In a 2018 presentation, for example, the company pulled out a case-control cohort of 561 non-cancer subjects and 118 patients with lung cancer. According to that study, detection at a 98 percent specificity cutoff only reached about 51 percent for participants with early-stage lung cancers (stages I-IIIA).
In their study this week, the Lung-CLiP investigators also analyzed sensitivity at 80 percent specificity, representing their second proposition of a CT-reinforced screening model. At this setpoint, they observed even better sensitivities: 63 percent in patients with stage I disease, 69 percent in patients with stage II disease, and 75 percent in patients with stage III disease.
In an email, Alizadeh said that while Lung-CLiP, as it stands, may not undercut the cost of CT scans, its relative ease positions it to help fill the significant gap left by radiographic screening wherein the vast majority of individuals who are eligible still fail to receive it.
"Lung-CLiP [could] help increase the rate of early detection," he wrote. "This would be analogous to how stool-based testing [proposes to] improve screening for colorectal cancers, especially in populations where adoption of colonoscopy is lower than currently recommended."
This type of hybrid approach "could potentially increase the total number of patients screened and therefore the number of lives saved annually in the United States, from the current annual value of around 600 to closer to the projected maximum of around 12,000," the study authors wrote.
That said, many steps remain for the team in seeing the clinical potential of Lung-CLiP realized.

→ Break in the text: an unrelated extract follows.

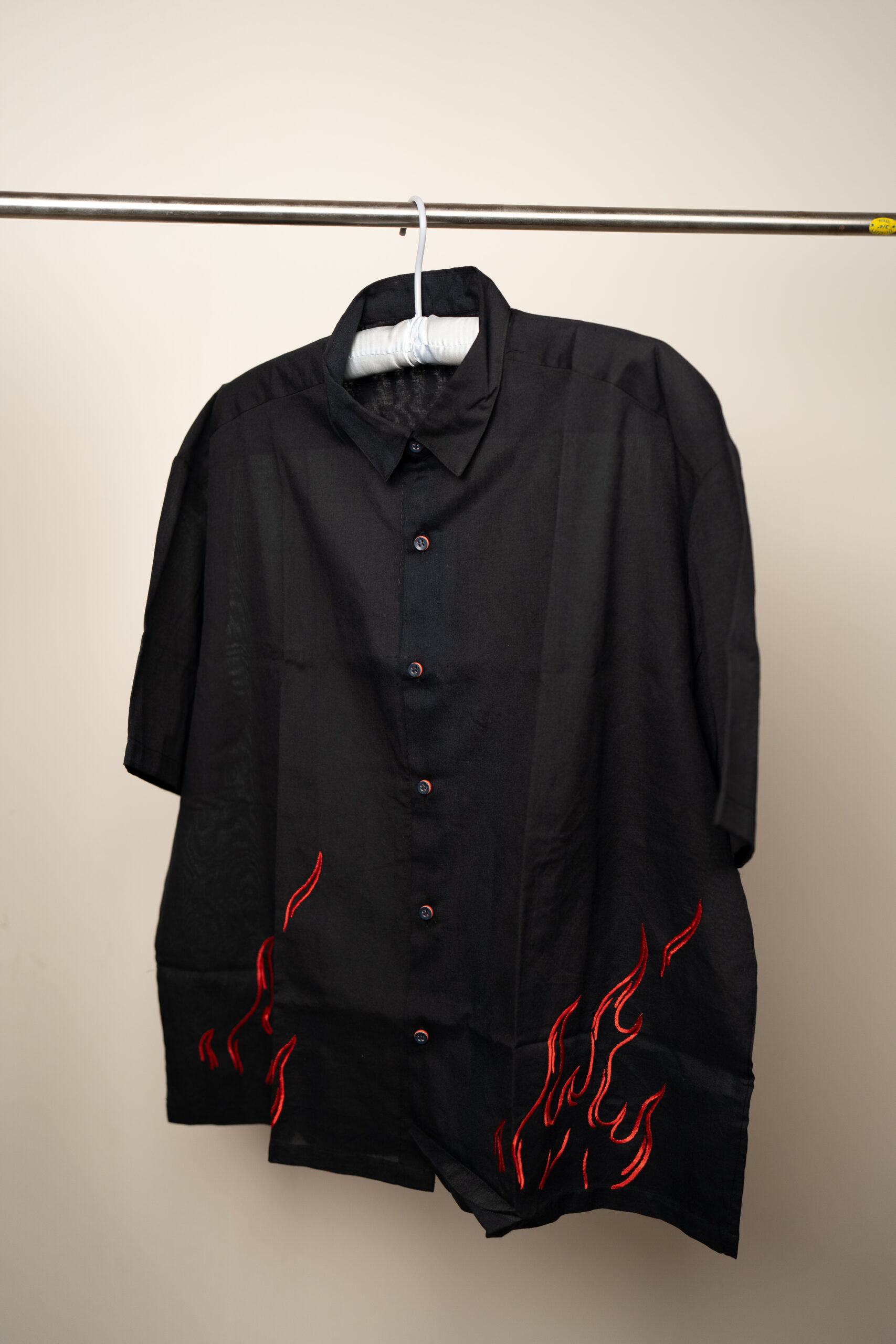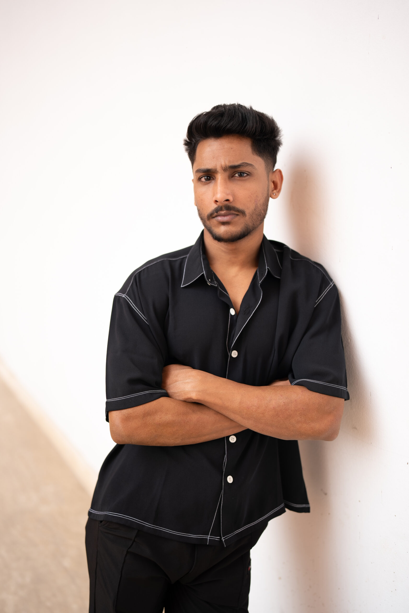 The fit: It has a boxy, oversized fit and is presented in a black with toned up with white stitching.

According to Alizadeh, for a case to be made to regulatory and guideline bodies like the US Preventive Services Taskforce, for example, the group will need to validate the approach prospectively.
"We are working with our collaborators on the design and execution of a prospective validation study in a larger cohort of adults at risk for lung cancer," he said.
Apart from the method's detection rate, another notable study result was the fact that although ctDNA levels were very low in early-stage lung cancers, it was present prior to treatment in almost all the confirmed cancer cases in the cohort. In other words, a complete lack of circulating tumor DNA did not appear, in this group at least, to be the issue preventing early cancer detection.
According to Alizadeh, this means that if multi-analyte, machine learning inference methods like Lung-CLiP can be pushed successfully toward lower and lower limits of detection, they could hopefully achieve reliable detection for a majority of cases, even at these very low ctDNA levels.
Although the Lung-CLiP method involves the analysis of DNA fragment size, it doesn't incorporate methylation, which many others in the field have embraced to try to push sensitivity beyond what is possible with somatic variant detection alone.
According to Alizadeh, this was because most available methylation-based assays require a different molecular biology workflow and a second separate sample of cfDNA, which the team's current study couldn't support.
However, he said, "this is an active area of research by us and others. We think that it is possible that the broader integration of mutations, copy number alterations, fragmentomics, and methylation within a unified assay could further improve detection performance."